▸ **Exercise data**:
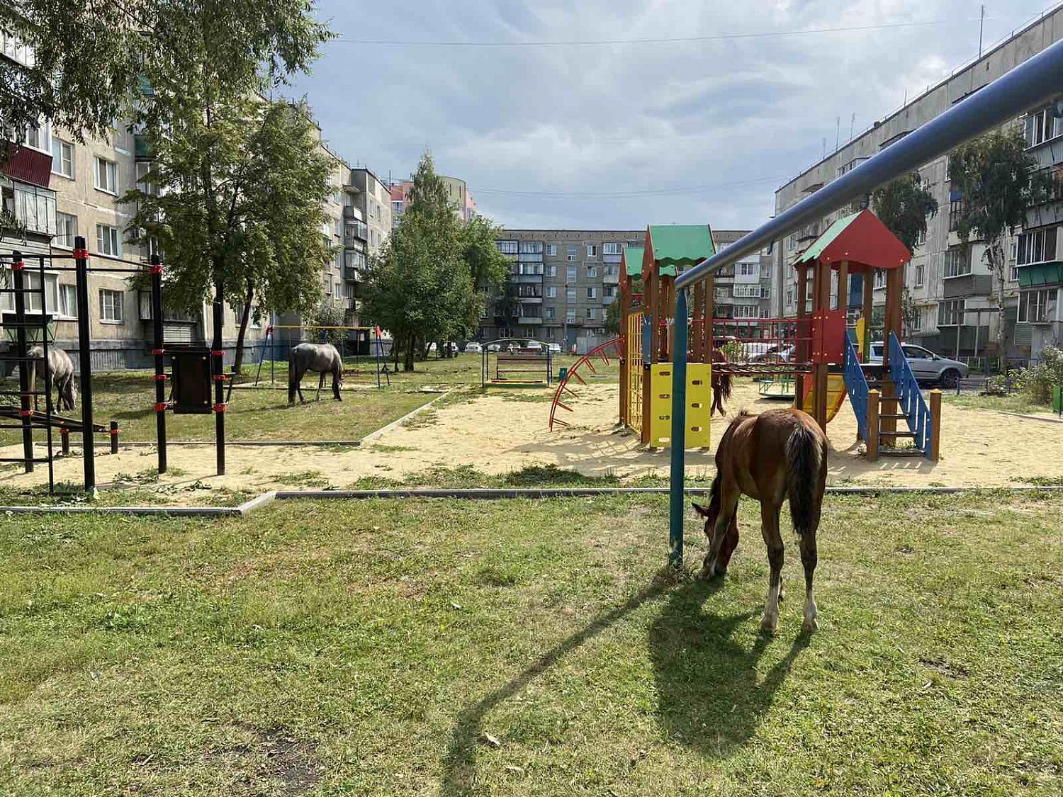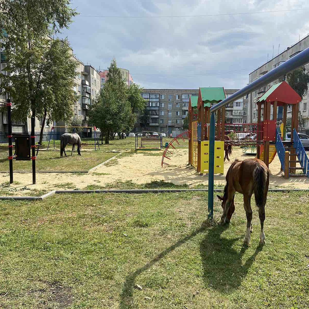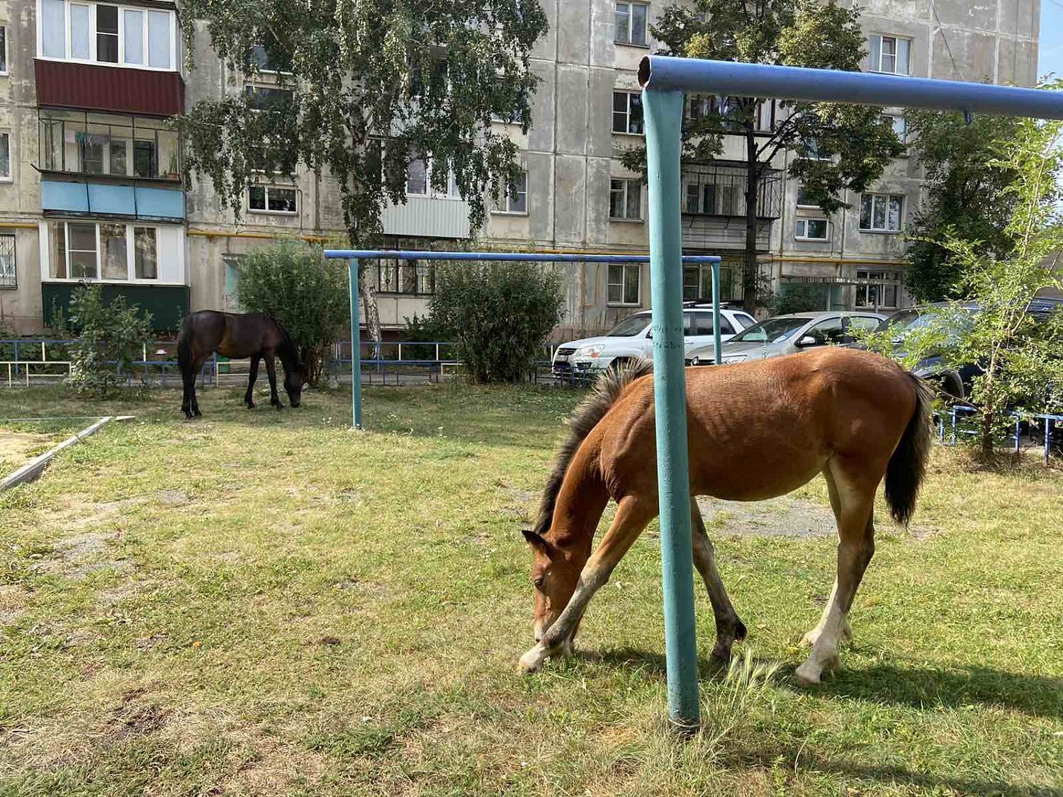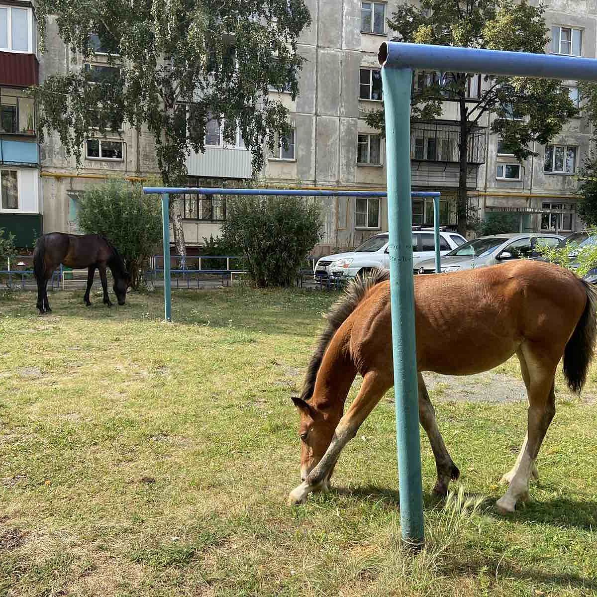 Данный фоторепортаж под рабочим названием «Кони в большом городе» был сделан во дворе дома №19 на улице Томилова.
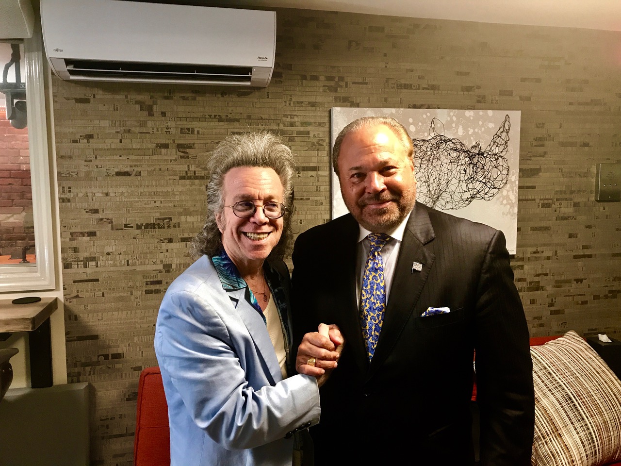 Bo Dietl is an ex-NYPD detective who recently ran for Mayor of NYC. He also had a starring role in HBO’s Vinyl with Bobby Cannavale and is the guy whose character shockingly killed “Dice” Clay’s character in the very first episode. He’s also a funny dude and recently started a podcast called “One Tough Podcast” and what network is it on? GaS Digital of course, the podcast network making waves and owned by Luis J. Gomez and Ralph Sutton. So when they invited me to be a guest I jumped at the opportunity. They have new offices on the Lower East Side down on 6th Street in Alphabet City, and according to Ralph, they’ve only been in that location for about two months. But even though it’s still under construction in some areas, the place is spectacular. First of all, you’d never expect to see a place like this in what looks like a regular Avenue A building from the outside. But then you go into the back and there are steps leading down to a beautiful courtyard with more steps leading down into the studio. You feel like you walked into another world. And the room where they do the podcast is big and comfortable and seats at least 6 people around a large console. The show is produced by Carlo Catuogno, who also works with Bo in his security firm, and who is on the air with him to kind of reign him in at times when he goes off on a tangent, which happens because he has so many stories and so much to say.
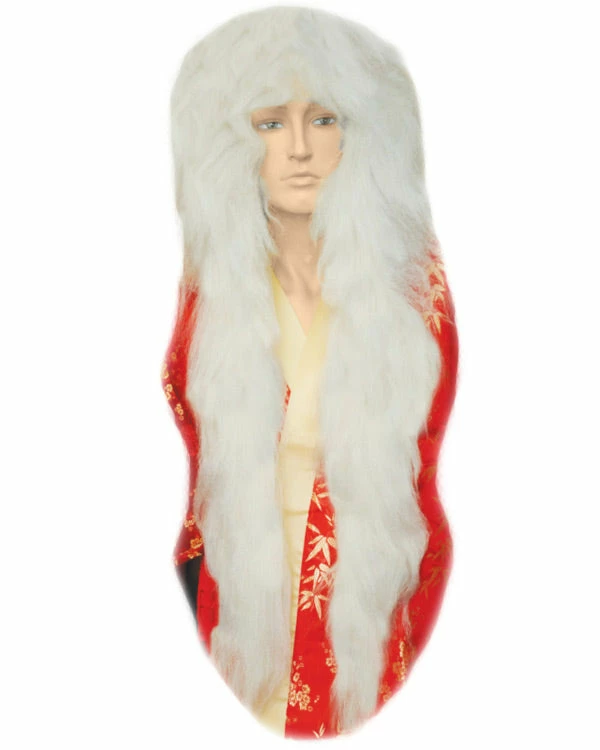The Bargain Kabuki Japanese Oriental Theatrical is a very long white synthetic costume wig, made with a less expensive fiber. LW227

▸ **How to complete this task**:
For this exercise, write out the listing verbatim and leave every image out.

▸ **Result of the task**:
 Данный фоторепортаж под рабочим названием «Кони в большом городе» был сделан во дворе дома №19 на улице Томилова.
 Bo Dietl is an ex-NYPD detective who recently ran for Mayor of NYC. He also had a starring role in HBO’s Vinyl with Bobby Cannavale and is the guy whose character shockingly killed “Dice” Clay’s character in the very first episode. He’s also a funny dude and recently started a podcast called “One Tough Podcast” and what network is it on? GaS Digital of course, the podcast network making waves and owned by Luis J. Gomez and Ralph Sutton. So when they invited me to be a guest I jumped at the opportunity. They have new offices on the Lower East Side down on 6th Street in Alphabet City, and according to Ralph, they’ve only been in that location for about two months. But even though it’s still under construction in some areas, the place is spectacular. First of all, you’d never expect to see a place like this in what looks like a regular Avenue A building from the outside. But then you go into the back and there are steps leading down to a beautiful courtyard with more steps leading down into the studio. You feel like you walked into another world. And the room where they do the podcast is big and comfortable and seats at least 6 people around a large console. The show is produced by Carlo Catuogno, who also works with Bo in his security firm, and who is on the air with him to kind of reign him in at times when he goes off on a tangent, which happens because he has so many stories and so much to say.
The Bargain Kabuki Japanese Oriental Theatrical is a very long white synthetic costume wig, made with a less expensive fiber. LW227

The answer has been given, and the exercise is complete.